Tuesday, April 19, 2011

Snow Crash: Action Thriller/Social Commentary

Snow Crash depicts a society in which the government no longer plays an active role in the provision of public services such as highway maintenance and law enforcement, those roles having been taken over by corporations such as Fairlane, Inc, WorldBeat Security and MetaCops Unlimited. While traditional economic theory suggests that government intervention is necessary to ensure sufficient provision of these public goods, as private producers would not find it profitable to supply such services, corporations are shown to have successfully taken over production of these services in Los Angeles and elsewhere, and no decrease in standards of living which might be caused by private underproduction is apparent. Stephenson’s depiction of this entirely laissez-faire economy thus appears to be denouncing the need for government intervention in markets, which we might have expected given how counter-culture themes are often present in works of cyberpunk (or post-cyberpunk, as the case may be).

Of course, this abolishment of “big government” does not come without its costs, for the corporatization of America’s public space has caused both social and cultural fragmentation. Los Angeles has been divided into residential districts affiliated with different “franchise nations”, each with their own culture: the “technomedia priesthood” that is Mr. Lee’s Greater Hong Kong is always welcoming to immigrants, while America’s middle class has retreated to “identical, computer-designed” Burbclaves, which only serve as a “culture medium for a medium culture”. This fragmentation is also present on the Raft, where people of different ethnicities occupy different ships, but whereas the franchise nations exist in an uneasy peace at worst, resorting only to stickers, guard robots and law enforcement officers to keep non-residents out, neighborhoods on the Raft are openly afraid that neighboring ships will “gang up on them and cut them loose”, showing how social tensions might arise from fragmented cultures being in close proximity with one another. Snow Crash thus suggests that while doing away with government intervention may be beneficial (or at least not detrimental) on the economic front, the resulting cultural fragmentation and loss of centralized law enforcement can cause social problems in their own way.

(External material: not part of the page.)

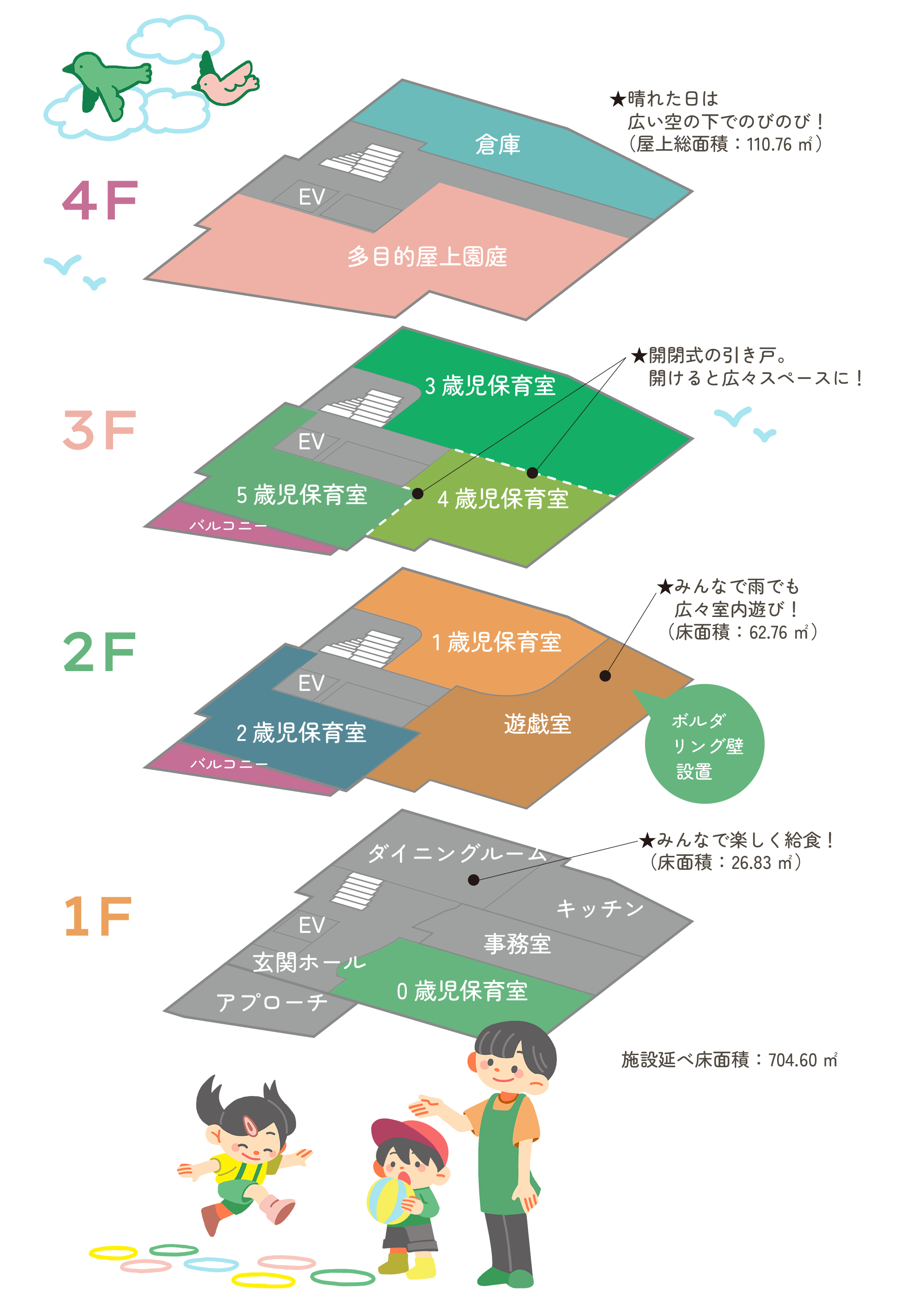 やすらげる空間づくりを目指した建築家のアイディアがたくさんつまっています。もちろん採光にもこだわり、園名に相応しい気持ちの良い空間を実現しています。

Another interesting point to consider is how Snow Crash and Neuromancer imagine cyberspace differently. In Neuromancer, only corporations and “console cowboys” can maintain presences in and manipulate cyberspace, implying that cyberspace belongs only to the economic and intellectual elite. While this same problem is also present to some extent in Snow Crash’s Metaverse, as only around 1% of the planet’s population has access to it, it is also much more inclusive than Neuromancer’s cyberspace, as untrained programmers such as businessmen, ordinary citizens and Kouriers can access the Metaverse just as easily as hackers can. Thus where Neuromancer imagines a future in which unrestrained capitalism and the rise of global megacorporations can exacerbate existing social inequalities by creating technological ones alongside them, Snow Crash suggests how free markets and technology can do the opposite, and insofar as the accessibility of our own Internet appears to more closely resemble Snow Crash’s Metaverse than Neuromancer’s cyberspace, I’d like to think that technological advancements can indeed be a force for social equality.